### THE RECORDS
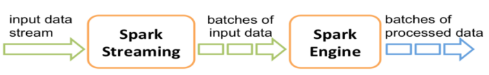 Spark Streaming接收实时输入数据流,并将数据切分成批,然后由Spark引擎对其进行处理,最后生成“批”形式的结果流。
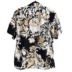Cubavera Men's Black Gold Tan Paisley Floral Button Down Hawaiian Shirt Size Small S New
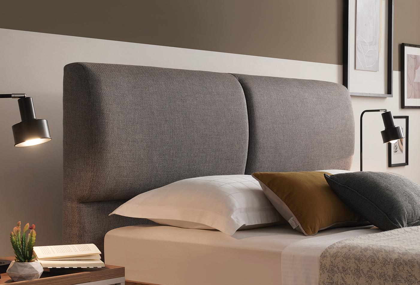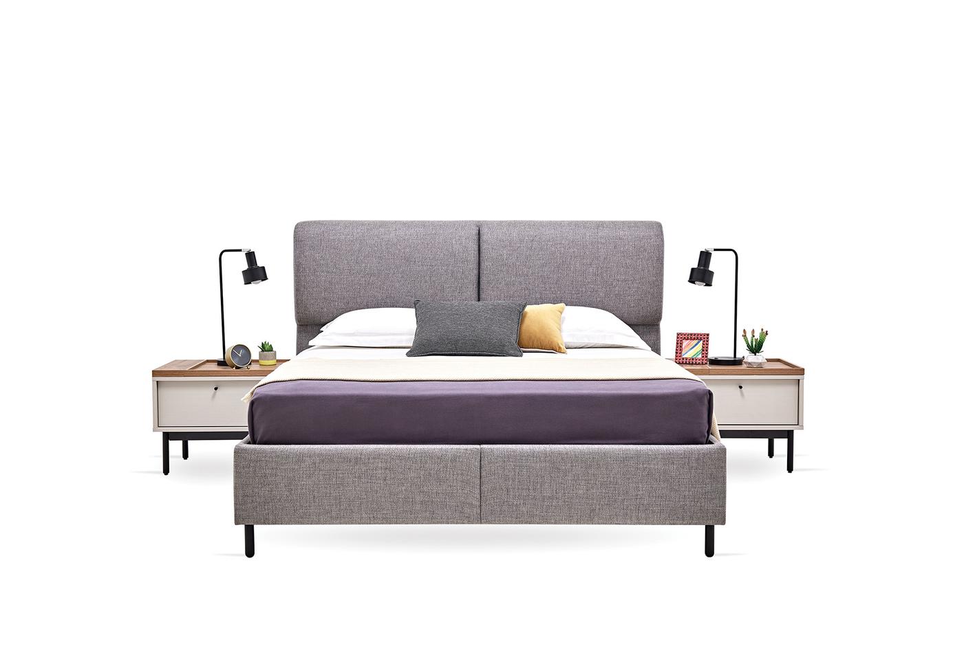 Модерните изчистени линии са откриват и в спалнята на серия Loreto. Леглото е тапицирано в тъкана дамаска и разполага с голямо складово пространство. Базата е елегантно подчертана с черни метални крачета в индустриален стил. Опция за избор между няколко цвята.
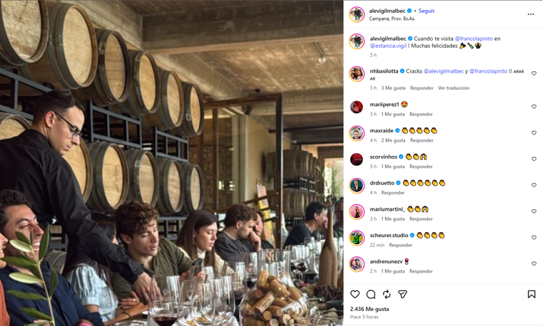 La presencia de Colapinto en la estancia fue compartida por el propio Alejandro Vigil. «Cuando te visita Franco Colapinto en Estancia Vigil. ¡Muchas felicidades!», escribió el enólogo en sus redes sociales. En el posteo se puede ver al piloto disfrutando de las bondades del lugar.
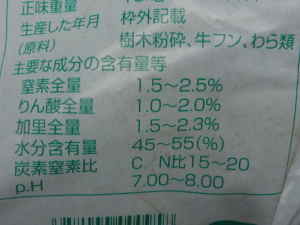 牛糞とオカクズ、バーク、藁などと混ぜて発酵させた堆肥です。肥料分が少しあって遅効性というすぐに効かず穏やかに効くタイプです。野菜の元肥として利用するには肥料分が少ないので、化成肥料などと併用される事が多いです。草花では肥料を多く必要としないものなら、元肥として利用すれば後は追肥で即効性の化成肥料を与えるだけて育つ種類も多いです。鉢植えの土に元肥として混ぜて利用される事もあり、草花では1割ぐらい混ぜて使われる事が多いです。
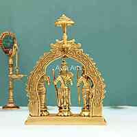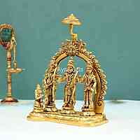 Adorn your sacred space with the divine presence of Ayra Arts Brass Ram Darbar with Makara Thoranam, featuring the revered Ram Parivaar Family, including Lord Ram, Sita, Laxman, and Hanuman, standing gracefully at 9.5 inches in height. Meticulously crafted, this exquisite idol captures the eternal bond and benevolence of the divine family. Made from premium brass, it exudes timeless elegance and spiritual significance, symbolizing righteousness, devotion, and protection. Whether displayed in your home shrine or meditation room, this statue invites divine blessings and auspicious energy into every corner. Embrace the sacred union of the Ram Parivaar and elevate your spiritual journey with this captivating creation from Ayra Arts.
* * *
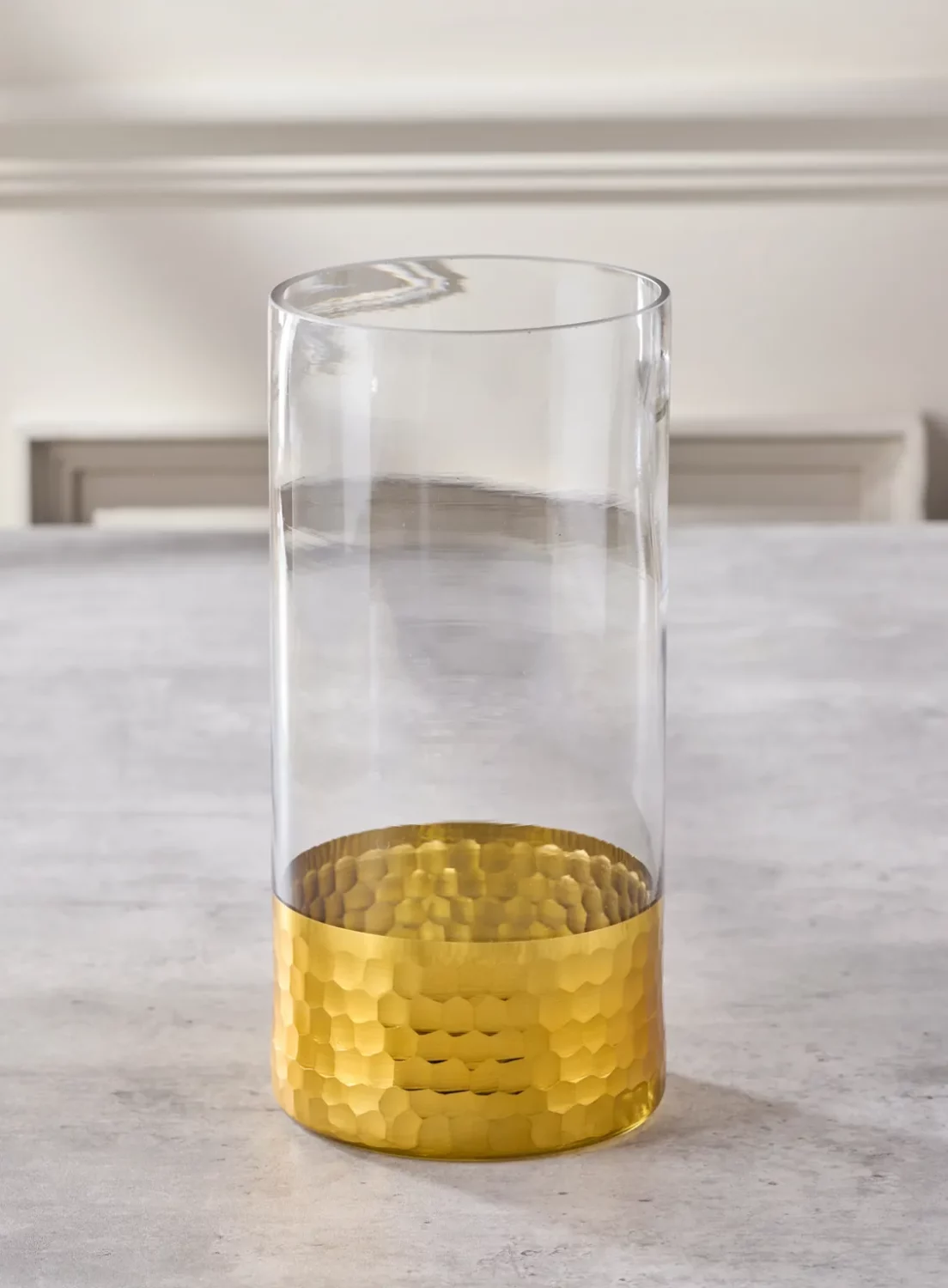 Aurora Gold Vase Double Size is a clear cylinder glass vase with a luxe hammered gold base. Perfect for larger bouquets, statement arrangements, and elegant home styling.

### ACTIVITY
Going by the data above, give back only the lines from the one containing "Модерните изчистени линии" through the one containing "Adorn your sacred", exactly as they stand, both ends included and no images.

### THE COMPLETED TASK
 Модерните изчистени линии са откриват и в спалнята на серия Loreto. Леглото е тапицирано в тъкана дамаска и разполага с голямо складово пространство. Базата е елегантно подчертана с черни метални крачета в индустриален стил. Опция за избор между няколко цвята.
 La presencia de Colapinto en la estancia fue compartida por el propio Alejandro Vigil. «Cuando te visita Franco Colapinto en Estancia Vigil. ¡Muchas felicidades!», escribió el enólogo en sus redes sociales. En el posteo se puede ver al piloto disfrutando de las bondades del lugar.
 牛糞とオカクズ、バーク、藁などと混ぜて発酵させた堆肥です。肥料分が少しあって遅効性というすぐに効かず穏やかに効くタイプです。野菜の元肥として利用するには肥料分が少ないので、化成肥料などと併用される事が多いです。草花では肥料を多く必要としないものなら、元肥として利用すれば後は追肥で即効性の化成肥料を与えるだけて育つ種類も多いです。鉢植えの土に元肥として混ぜて利用される事もあり、草花では1割ぐらい混ぜて使われる事が多いです。
 Adorn your sacred space with the divine presence of Ayra Arts Brass Ram Darbar with Makara Thoranam, featuring the revered Ram Parivaar Family, including Lord Ram, Sita, Laxman, and Hanuman, standing gracefully at 9.5 inches in height. Meticulously crafted, this exquisite idol captures the eternal bond and benevolence of the divine family. Made from premium brass, it exudes timeless elegance and spiritual significance, symbolizing righteousness, devotion, and protection. Whether displayed in your home shrine or meditation room, this statue invites divine blessings and auspicious energy into every corner. Embrace the sacred union of the Ram Parivaar and elevate your spiritual journey with this captivating creation from Ayra Arts.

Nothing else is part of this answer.